Maruti Making Its Way Towards Recovery

DSIJ Intelligence / 06 Sep 2012

The production lockdown affected Maruti is making its way towards getting back on track with serious policy and security measures to ensure regaining market standing.

The more than a month long facility lockdown has cost the company a boatload but Maruti is slowly making its way towards getting back on track. “By October end we will try to regain our lost production,” said a senior official of Maruti Suzuki India Limited (MSIL) yesterday, a month and a half after the outburst at the company’s Manesar plant. The effect of the occurrences on July 18, 2012 lasted more than a month in terms of a production halt and a few thousand crore rupees in terms of losses.

All that over and done with, the management decided to commence production starting August 21, 2012 with enhanced security measures and severe policy changes. This initiation of production anew started off on a small note with a workforce of 300 working on rolling out 150 units per day (a tenth of the production capacity of the facility). This was to be scaled up gradually as the company had sacked a third of the permanent workforce and had made policy changes to ensure ruling out the use of contract workers.

This brutally affected production cycle resulted in the company’s inventory drying out and sales dipping to lows in the month of August 2012. The YoY sales volume growth figures of MSIL for August 2012 suggest an overall drop of 40.78 per cent in total sales. The scenario is now returning to one of normalcy in a gradual manner and according to a senior official, “Almost all the remaining permanent workers have resumed duties and the production is scaling up accordingly.”

Commenting on the process of the regularisation of contract workers, MSIL’s chief operating officer for supply chain, S Maitra, said, “The regularisation of contract workers and new recruitments are going on and this will be over in the next 10 days. By the last week of September, our total manpower will be in place at the Manesar plant.”

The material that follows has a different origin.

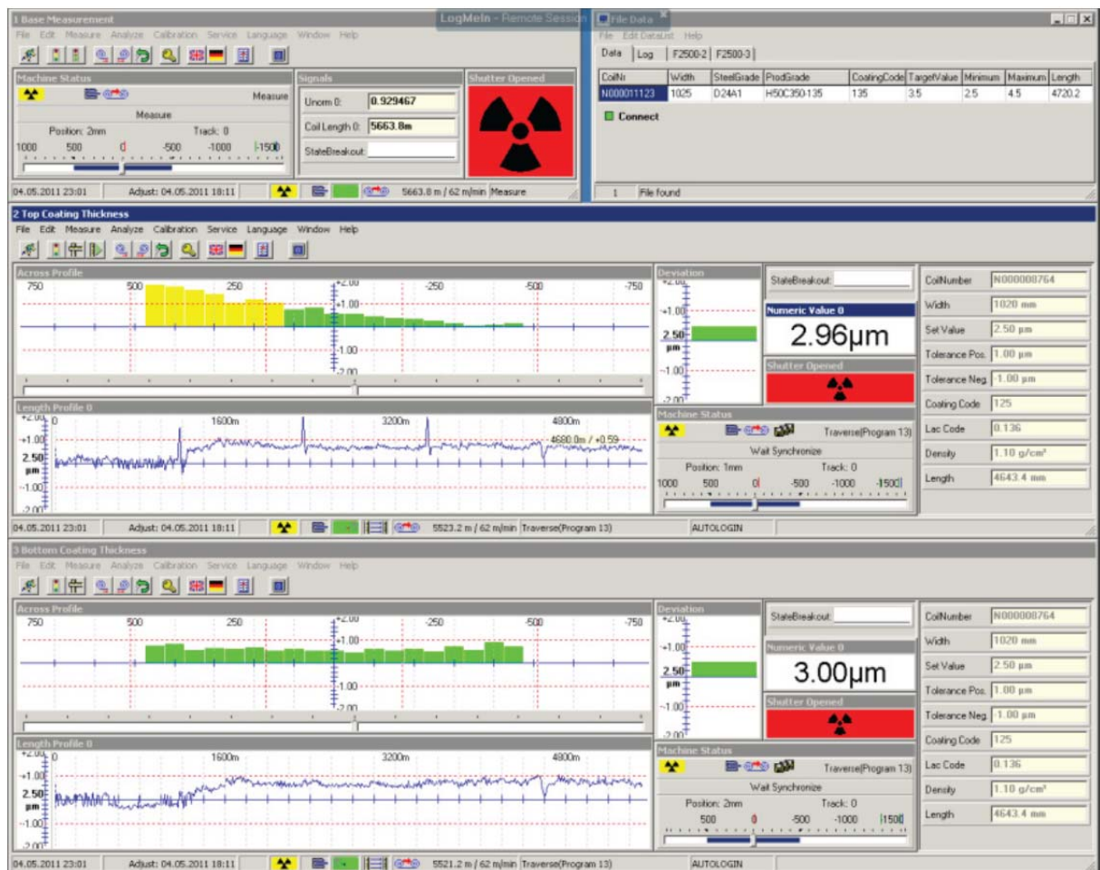
Figure 4. F2800EL configuration.

The flexibility of the Mesacon F-Series software allows the full adaption of HMI for operation, maintenance and offline reporting. Visualization and interfaces can be adapted to any line and the different design and capabilities of the coater itself.

With things taking their pace as before and the demand for automobiles expected to pick up with the festive season, the company may be geared up to cope with what Q3 has to offer the market. Though the profitability of the company would be hit due to increased employee costs and repairs and refurbishment, at least the sales would bounce back. It would also be interesting to see how MSIL copes with the increased waiting periods resulting out of the company accepting orders regardless of the inventory getting phased out.